Sahu et al. (2020) used two datasets—Cholec80 and EndoVis 2015—to test their Endo-Sim2Real method for instrument segmentation. TerNaus11 was used as the DNN model for the instrument segmentation task. Kanakatte et al. (2020) proposed a pixel-wise instance segmentation algorithm for the segmentation and localisation of surgical tool using a spatio-temporal deep network, and tested it on Cholec80. Their model used ResNet pre-trained on ImageNet database and Inflated Inception 3D (I3D) pre-trained on the ImageNet and Kinetics datasets (Kay et al., 2017) to capture spatio-temporal features. They also implemented and tested U-Net and Mask R-CNN on their annotated Cholec80 dataset.

9 Tool Pose Estimation Research

Laina et al. (2017) modelled the tool segmentation and pose estimation problem as a heatmap regression where every pixel represented a confidence proportional to its proximity to the correct landmark location. For encoding, ResNet-50 pre-trained on ImageNet was used and three different CNN variants were defined for the decoding task. The model was tested on the RMIT and EndoVis 2015 datasets. Du et al. (2018) added detailed annotations to existing labels for the RMIT and EndoVis 2015 datasets, and tested a framework with a fully convolutional detection-regression network for articulated multi-instrument 2-D pose estimation. Kayhan et al. (2019) proposed a lightweight deep attention based network architecture and evaluated three SSL algorithms for a deep attention based semi-supervised 2D-pose estimation method for urgical instruments: mean teacher, virtual adversarial training and pseudo-labelling. Analysis was conducted n the RMIT and EndoVis 2015 datasets.
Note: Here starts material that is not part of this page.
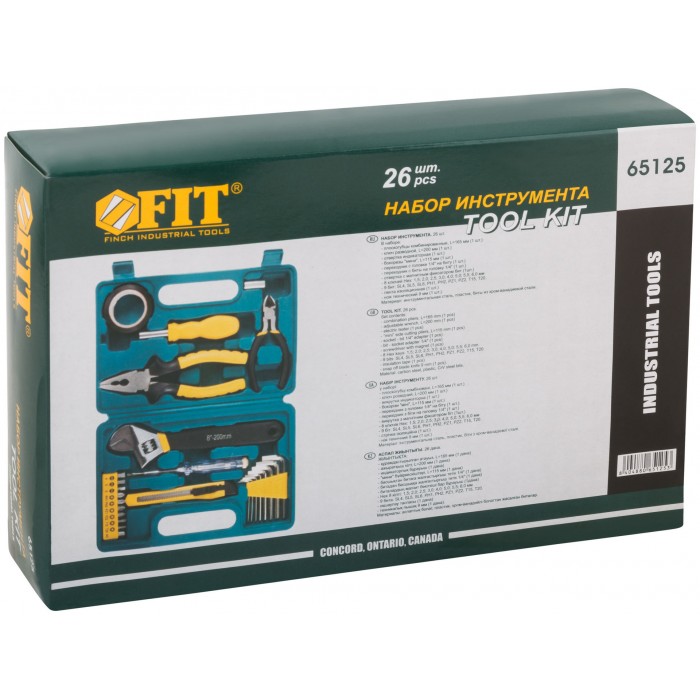 В наборе: пассатижи (165 мм); ключ разводной (200 мм); отвертка индикаторная; бокорезы ''мини'' (115 мм); переходник с воротка 1/4'' на биту; переходник с биты на головку 1/4''; отвертка с магнитным фиксатором бит; 8 ключей HEX (1.5, 2.0, 2.5, 3.0, 4.0, 5.0, 5.5, 6.0 мм); 9 бит - 25 мм (SL4, SL5, SL6, PH1, PH2, PZ1, PZ2, T15, T20); лента изоляционная, нож технический (9 мм). Материал: инструментальная сталь, пластик, биты из хром-ванадиевой стали. Упаковка: пластиковый чемодан.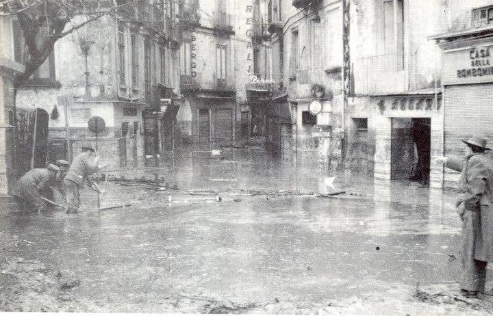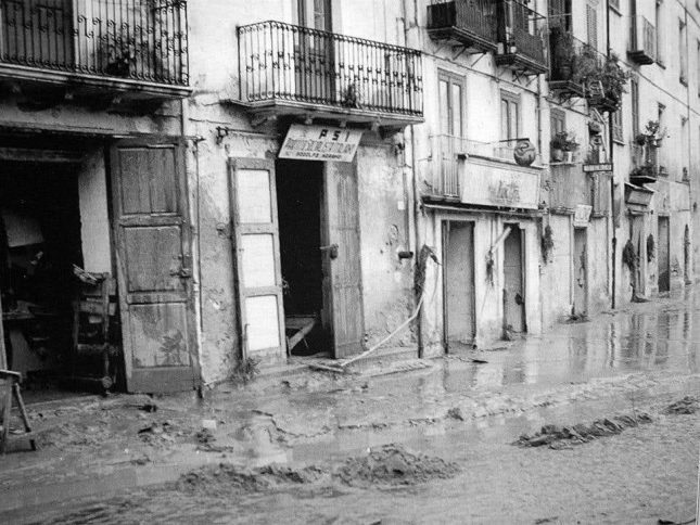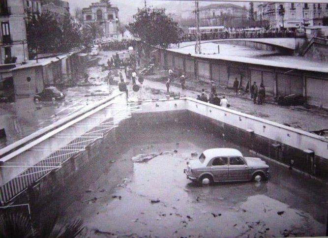 «Il livello delle acque – riporta il sito Mistery Hunters a corredo delle bellissime foto di Alfredo Salzano – superò, in alcuni punti, di oltre due metri quello delle strade. La portata di piena del 1959 fu stimata dal Genio Civile in 450 metri cubi al secondo e quella del Busento in 525. Dai giornali dell’epoca si apprende che il fiume danneggiò 14 bancarelle, 5 officine, 3 calzolai, 6 giornalai, 4 sarti, 60 fruttivendoli, 7 falegnami, 9 barbieri, un arrotino, 2 maniscalchi: quasi l’intera economia dei vicoli che sfamava oltre 500 famiglie».

A modified U-Net architecture (DAU-Net) that made use of attention echanisms was used to find each tool joint location via a heatmap output channel.

Kugler et al. (2020a) introduced three datasets: two synthetic Digitally Rendered Radiograph (DRR) Datasets (the first with a screw and the second with two surgical instruments), and a real X-ray Dataset (with manually labelled screws). They used this for a three step approach for surgical pose estimation including the application of a convolutional neural network based on a VGG architecture for information extraction, and then pose reconstruction from pseudo-landmarks. Kugler et al. (2020b) used two of these datasets to test an automatic framework (AutoSNAP) for the discovery of neural network architectures for instrument pose estimation, leading to the development of an improved architecture (SNAPNet).
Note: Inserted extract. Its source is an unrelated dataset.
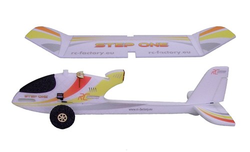 Vi har forsøgt at gøre opbygningen af modellen så enkel som muligt, så selv en uerfaren modelbygger kan bygge modellen korrekt og uden komplikationer. Det er også underlagt meget detaljerede instruktioner. Det er ikke noget svært at styre det nye Step One, hvis du overholder de anbefalede indstillinger. Modellen kan styres selv af motorkraft og ror alene. Modellen er rolig og stabil i luften, men til de første lanceringer bør du hellere vælge roligt vejr.
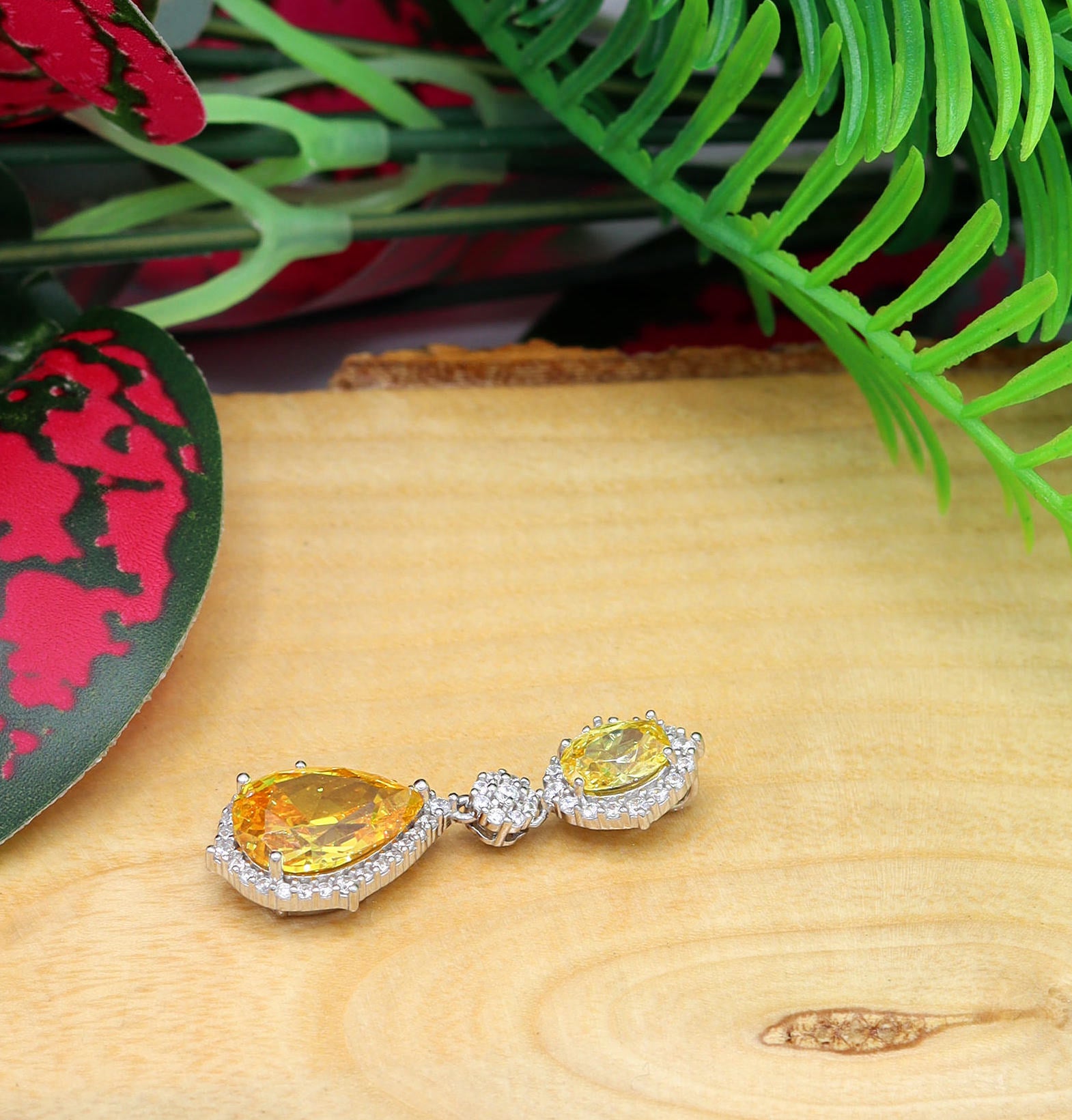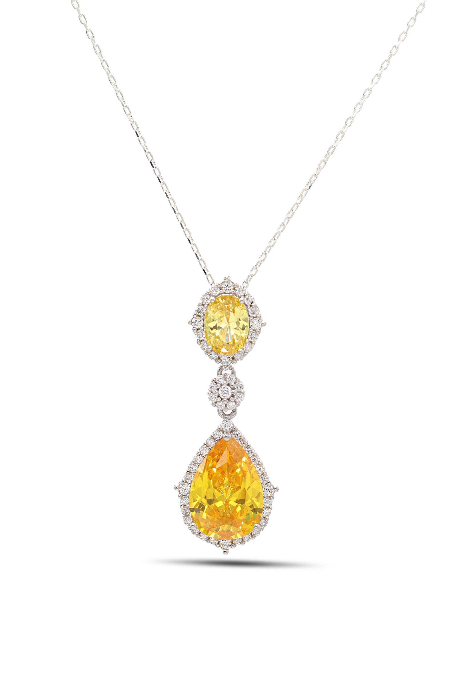 "Authentic Handmade Silver Necklace With Citrine and Zircon Gemstone"

Hasan et al. (2021) developed a CNN they called ART-Net, for Augmented Reality Tool Network, and combined it with an algebraic geometry approach for generic tool detection, segmentation, and 3D pose estimation. While the CNN ART-Net was used for surgical tool detection and segmentation, geometric primitives were also extracted to compute the 3D pose with algebraic geometry. Gessert et al. (2018) addressed surgical tool pose estimation from optical coherence tomography (OCT) volume data with a deep learning-based tracking framework called Inception3D. The 3D CNN architecture was used to learn accurate regression between volumetric images and object poses, and was then used to estimate object pose from new volumetric images.

10 Open Research Questions

We address our research questions by presenting a comprehensive review of surgical tool datasets. A knowledge hierarchy of machine learning research was then developed using these datasets. However, while robustness or the reliable performance of methods on challenging images has been addressed in the work, there are important questions and research gaps that need to be addressed. These issues are discussed in this section.

10.1 Data Modalities

As we have found in our survey, RGB images or video are the predominant data modalities in the datasets. This is a well understood modality, and it is easy to deploy cameras to capture entire room images, high level views of the procedures, specific images of body parts, or even for internal imaging through endoscopes (Maier-Hein et al., 2020). However, there are many more medical modalities that can be explored for creation of rich and representative datasets. A limited amount of work using other images modalities is reported, and this includes radiograph and X-Ray (Kugler et al., 2020a), optical coherence tomography (OCT) (Gessert et al., 2018), RGB-D depth (Hiasa et al., 2016), and 3D ultrasound images (Yang et al., 2019). Multi-modal datasets could potentially be valuable—for example, in their review of surgical activity recognition research, van Amsterdam et al. (2021) reported that multi-modal data integration demonstrated promising results on small surgical datasets. While image modalities tend to be specific to surgical areas, there are some modalities that could foster innovative work in the surgery domain—for example, the use of IR images to supplement standard RGB images could address issues with illumination and reflection, and could lead to more accurate models being developed. Similarly, depth images could assist in addressing surgical tool counting problems and for segmenting tools from complex and crowded backgrounds.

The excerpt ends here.